Il futurismo fu il primo movimento a dichiarare che la classicità non andava più bene. I futuristi capiscono l’importanza delle idee cubiste di Picasso. Partono dal carattere tipografico.
Marinetti: poeta capisce che deve pubblicizzare le sue idee se vuole che si diffondano, e il modo migliore è la parola scritta nei manifesti pubblicitari. Non la parola semplice, ma una parola che risponde alla forza, velocità, rumore, potenza. Il carattere è quindi il mezzo ideale per esprimere tutte queste sensazioni. Rottura della tradizione attraverso il carattere.
Opere e manifesti di Marinetti e altri futuristi:
- Buzzi, bombardamento aereo.
- Cangiullo, Piedigrotta.
- Marinetti.
- Marinetti, manifesto 1913: esplicita la personale rivoluzione tipografica.
- Marinetti, Zang Tumb Tumb: frontespizio della battaglia di Adrianopoli: usa caratteri diversi con corpo diverso. La parola e le immagini sono una cosa sola per Marinetti; per lui l’immagine non è un’immagine ma è il carattere.
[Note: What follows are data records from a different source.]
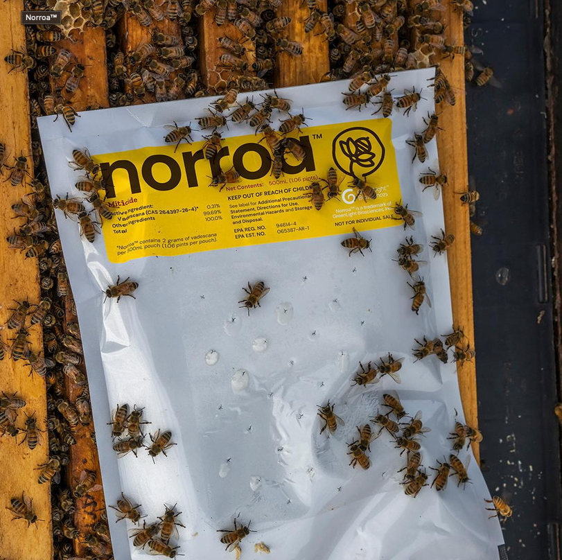 Norroa™ targets a specific protein in varroa mites that ultimately stops their reproduction. No negative impact on colony health or brood production were observed in field trials. Studies have shown no negative impact to larvae, adult bees, or queen, supporting a healthy and productive hive. Norroa™ works to maintain mite levels at the time of application. For best results, apply Norroa™ any time that mite levels are low and honey supers are not on the hive.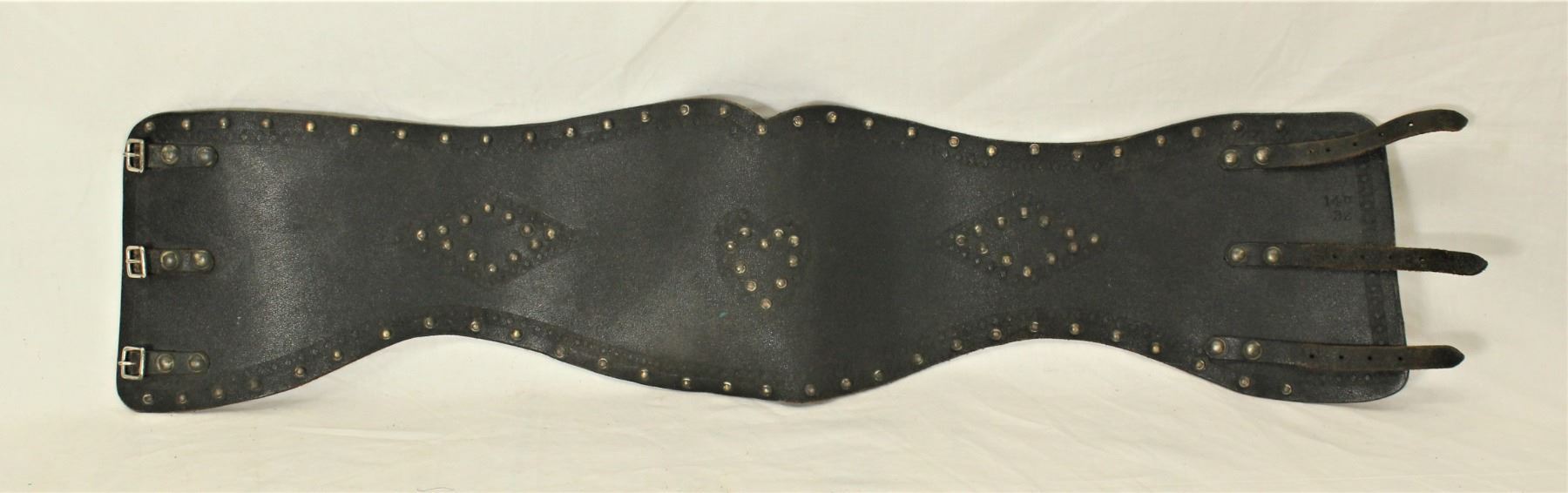 Scalloped CP Shipley marked bronc belt with studded perimeter, hearts, and diamonds.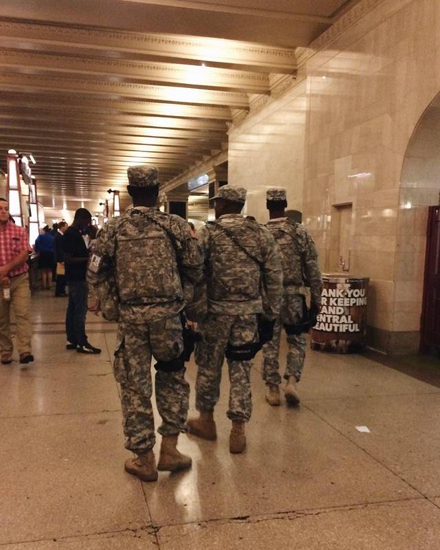 纽约反恐级别超高,车站里到处都能看到巡逻的大兵。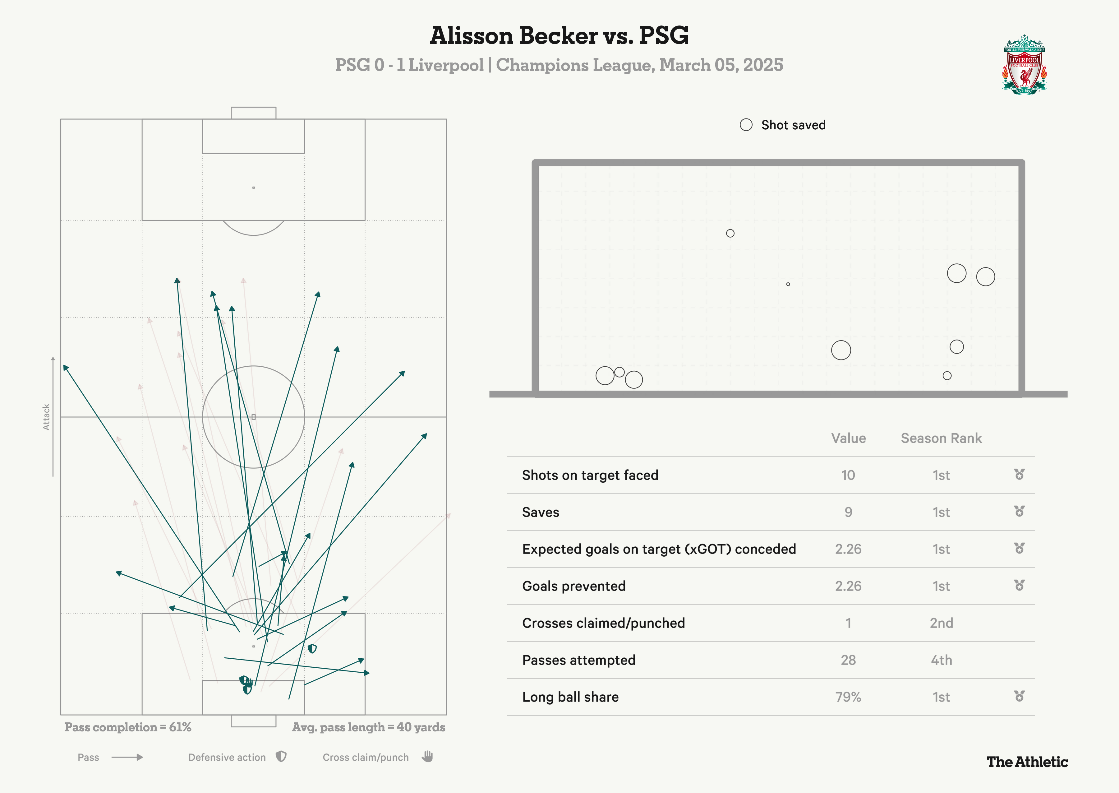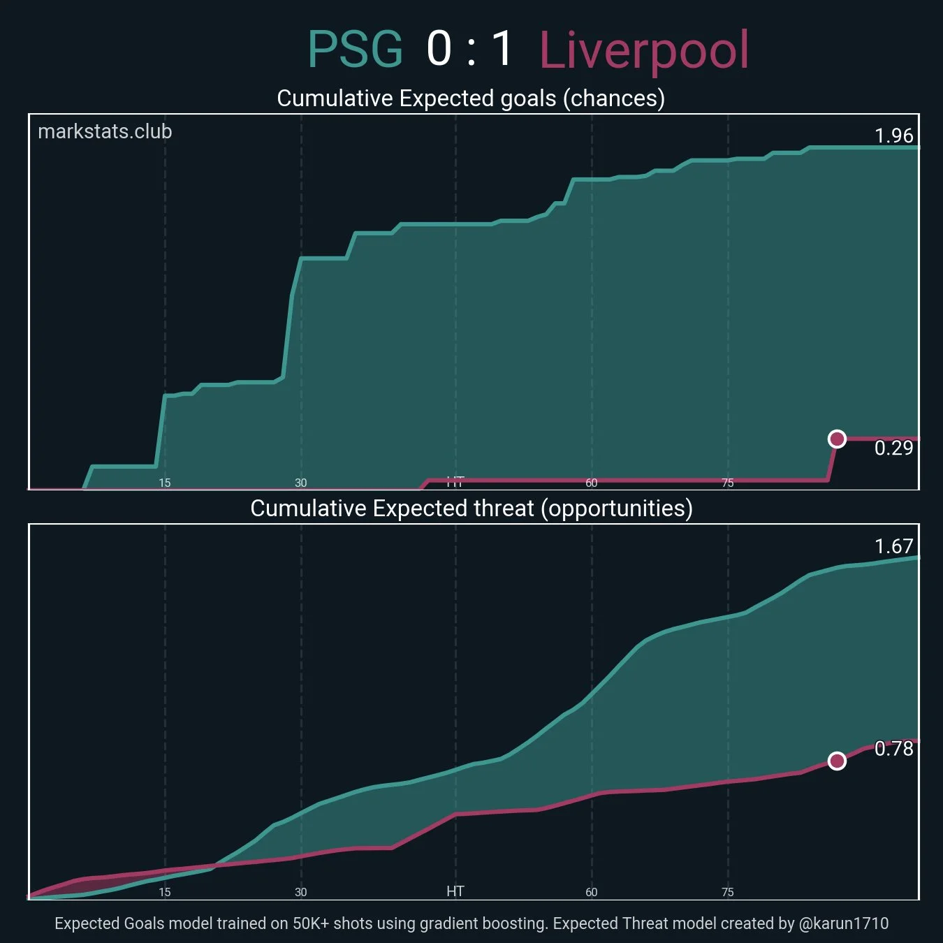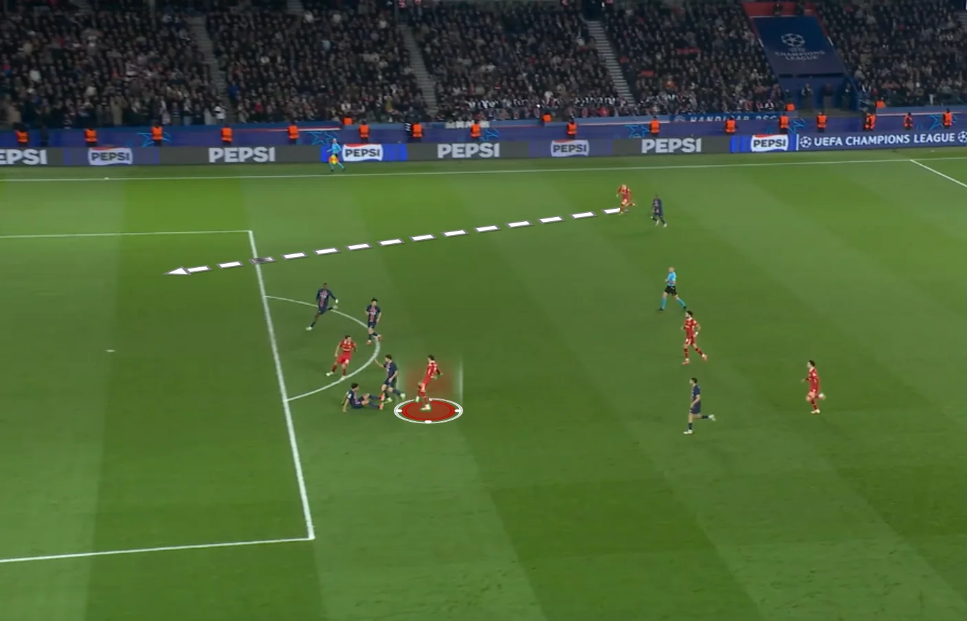 Ще наприкінці першого тайму Ліверпуль став сідати нижче. При відкритих м'ячах оборона мерсисайдців почала розвертатись назад, тож виходи сам на сам після закидань від центрбеків ПСЖ зникли. У другому таймі Арне Слот спробував додати більше персоналок в обороні, але глобально нічого не змінилось – замін не було, а стратегія мерсисайдців крутилась навколо надії на виживання.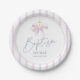 Prato De Papel Baptism Paper Plates for Girl, Modern Pink Bow
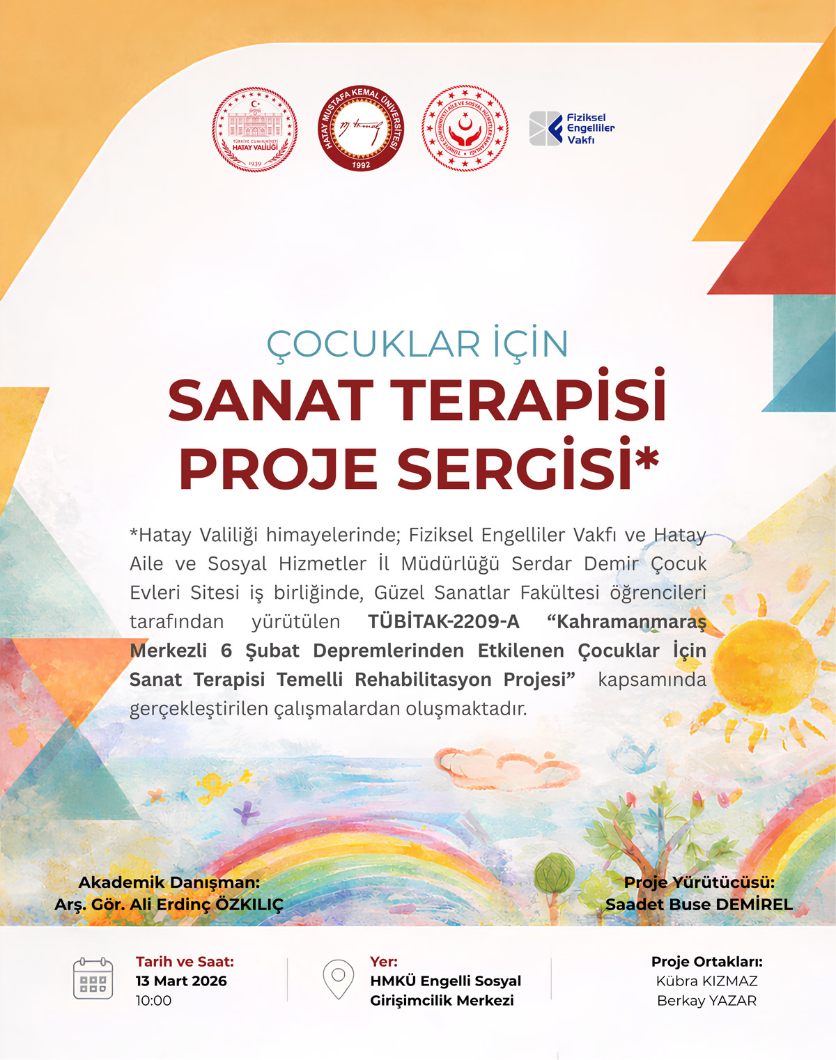 *Hatay Valiliği himayelerinde; Fiziksel Engelliler Vakfı ve Hatay Aile ve Sosyal Hizmetler İl Müdürlüğü Serdar Demir Çocuk Evleri Sitesi iş birliğinde, Güzel Sanatlar Fakültesi öğrencileri tarafından yürütülen TÜBİTAK-2209-A "Kahramanmaraş Merkezli 6 Şubat Depremlerinden Etkilenen Çocuklar İçin Sanat Terapisi Temelli Rehabilitasyon Projesi" kapsamında gerçekleştirilen çalışmalardan oluşan sergiye davetlisiniz.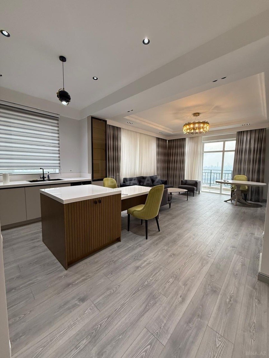 Mənzil Ağ şəhərdə, Raffle Tower yaşayış kompleksinin 17-ci mərtəbəsində yerləşir. Ümumi sahəsi 120 kv, 2 otaq təşkil edir. Mənzil studio tiplidir. 1 yataq otağı, 1 sanitar qovşağı, 1 zal, 1 hall və 2 eyvandan ibarətdir. Mənzildə 2 kondisioner, soyuducu, soba, stolüstü soba, mikro dalğalı soba, paltaryuyan və duş kabin mövcuddur. Ev premium mebellər ilə təmin edilmişdir. Eyvan şəhər mənzərəlidir. Aylıq 1700 AZN kirayə haqqı təşkil edir. Depozit mövcuddur. Xidmət haqqı 20% təşkil edir.

Con Marinetti si passa dalla tipografia ornamentale alla tipografia multifunzionale che non si limita più a dire le cose, ma le illustra e le fa sentire. Le parole devono emozionare, le parole in libertà come strumento di comunicazione.
- Depero: rilega un libro con delle viti, non adatte per rilegare un libro.
Dadaismo
Nasce poco dopo il futurismo e gli è un po’ debitore. Il nome dada non significa nulla, nonsense. Il dada nasce contro la brutalità della guerra (cosa che invece non era presente nel futurismo). Il caso domina nelle opere dadaiste. Ma è un caso cercato, non a caso.
- Grosz/Heartfield, paese di sole: l’emotività viene fuori in modo naturale, c’è un disordine non assoluto, è apparentemente disordinato. È un disordine organizzato e armonico.
Nel dadaismo lo scarto è perfetto, dà il senso della violenza e dell’anti estetica, a vantaggio dell’impatto.
- Ricorda Mallarmè.
- Hanna Hoch: tagliato con coltello da cucina.
- Heartfield: copertina per Der Dada, regola è osare la sperimentazione accumulativa dei grafismi.
Costruttivismo
Contemporaneamente i fratelli Burljuk: tragedia di Vladimir Majakovskij: l’impaginazione si allontana dalla convenzionalità del periodo anticipando il costruttivismo: caratteri grandi e caratteri piccoli, spazi vuoti e spazi pieni. Costruttivismo più marcato: Rodchenko, con lui il costruttivismo rinuncia alla totale disorganizzazione, la rottura di organizza. Rodchenko dice che non bisogna più sottostare a delle regole.
Opere moderne ispirate a futurismo, dadaismo e costruttivismo:
- Frost, Zembla: costruttivismo e futurismo.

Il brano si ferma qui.